Gene-Targeting – Wikipedia
Als Gene-Targeting (englisch gene targeting, deutsch auch Gentargeting, gezielte Genmodifikation) wird in der Genetik eine Technik bezeichnet, die die homologe Rekombination ausnutzt, um ein endogenes Gen zu verändern. Die Methode kann verwendet werden, um ganze Gene oder Exons zu deletieren, andere Genmutationen oder neue codierende Sequenzen einzuführen. Gene-Targeting kann permanent sein, aber auch konditionell reguliert, von gewissen Bedingungen abhängig, induziert werden. Die Bedingungen können zeitabhängig von dem Entwicklungsstadium, oder auch abhängig vom Gewebe sein. Dabei bedarf es der Schaffung eines spezifischen Vektors für jedes Gen, das in Frage kommt (Targeting-Vektor). Gene-Targeting kann für jedes Gen angewendet werden, unabhängig von der Transkriptionsaktivität oder der Gengröße. Mario R. Capecchi, Martin J. Evans und Oliver Smithies erhielten 2007 den Nobelpreis für Physiologie und Medizin für ihre „Entdeckungen zu den Grundlagen zur Herbeiführung spezifischer Genmodifikationen in Mäusen mit Hilfe embryonaler Stammzellen“.[1]
Methode
[Bearbeiten | Quelltext bearbeiten]Gene-Targeting-Methoden hängen vom Modellorganismus ab.

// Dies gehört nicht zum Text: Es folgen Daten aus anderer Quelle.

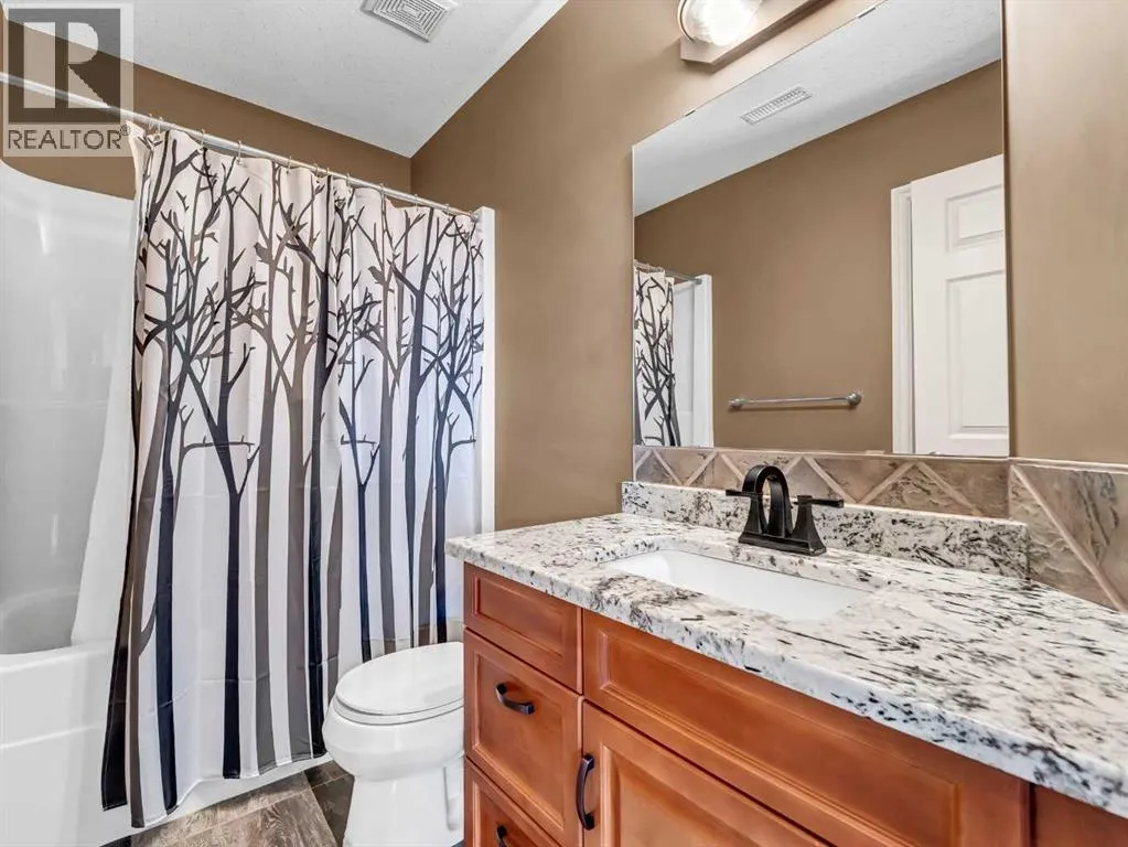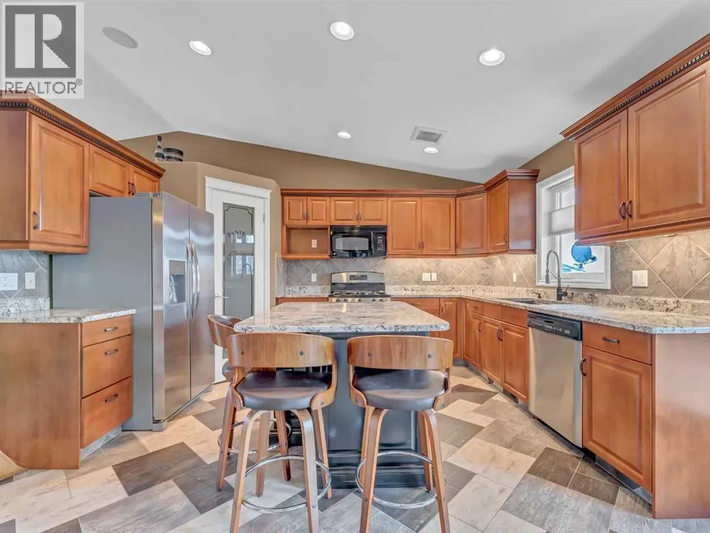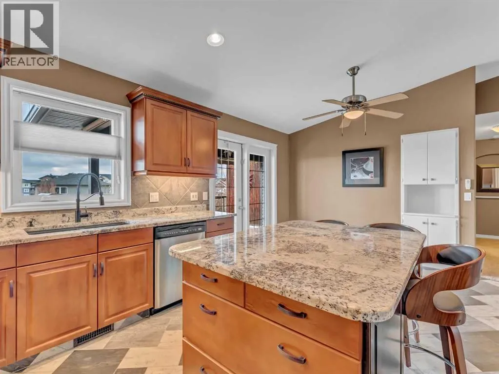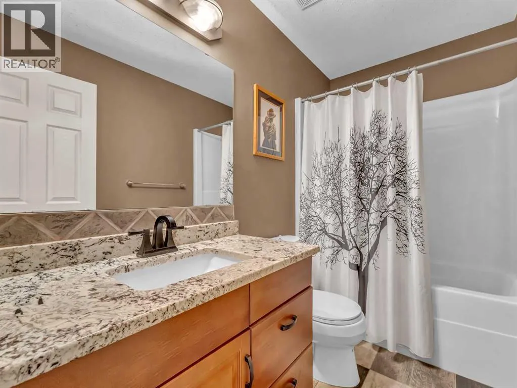 Welcome to 33 Terrace Green NE, a beautifully maintained walkout bungalow nestled in a quiet cul-de-sac with a park conveniently located just across the street. This quality-built home offers 1,309 sq ft of thoughtfully designed living space, showcasing exceptional craftsmanship and upgraded finishes throughout.The main floor features a bright, open layout highlighted by large windows that flood the home with natural light. The upgraded kitchen by Wood Visions is a standout, complete with stunning granite countertops, a corner pantry, and ample cabinetryâperfect for both everyday living and entertaining. Elegant upgraded flooring flows through the front entry, kitchen, and living room, enhancing the homeâs warm and inviting feel.This home offers two bedrooms on the main level, including a spacious primary retreat with private access to the upper deck and a 3-piece ensuite featuring a walk-in shower.The fully developed walkout lower level expands your living space with a cozy 3-way gas fireplace, entertainment area with projector and wired sound, a 4-piece bathroom, and direct access to a beautifully designed concrete patioâcomplete with a hot tub for ultimate relaxation.Additional features include a central sound system throughout, quality window coverings, and a finished, heated garage. The exterior is just as impressive, with a maintenance-free front yard, beautiful fountain out back, underground sprinklers, and mature trees providing both beauty and privacy. Enjoy outdoor living on the covered upper deck with awning or the professionally finished lower patio and driveway.This home offers the perfect blend of comfort, quality, and locationâan exceptional opportunity in a sought-after neighborhood. (id:27476)

Bei Genen in Mäusen sind – grob gesprochen – folgende Schritte notwendig (siehe auch unter Knockout-Maus): die Schaffung eines Zielkonstrukts aus DNA, das in Bakterien amplifiziert wird – dieses enthält typischerweise einen Teil des Gens, das getroffen werden soll, einen selektierbaren Marker und häufig ein Reportergen. Anschließend wird dieses Konstrukt in embryonale Stammzellen eingebracht, die in einer Zellkultur herangezogen werden. Nachdem die Zellen mit der richtigen Insertion durch Selektion und Analyse mittels Southern Blot Analyse oder PCR ausgewählt worden sind, können sie verwendet werden, um zu dem Gewebe einer Maus beizutragen, indem sie einem Embryo injiziert werden. Anhand der Fellfarbe werden chimäre Mäuse zur Züchtung ausgewählt. Wenn die modifizierten Zellen an der Keimbahn teilhaben, entstehen bei der Verpaarung mit Wildtyptieren heterozygote Tiere, in denen ein Allel die Genveränderung trägt. Nach mehreren Rückkreuzungen auf einen geeigneten Stamm werden heterozygote Tiere miteinander gekreuzt. In Übereinstimmung mit den Mendelschen Regeln werden Nachkommen erwartet die das Wildtypgenom, bzw. heterozygot oder homozygot für das veränderte Allel sind.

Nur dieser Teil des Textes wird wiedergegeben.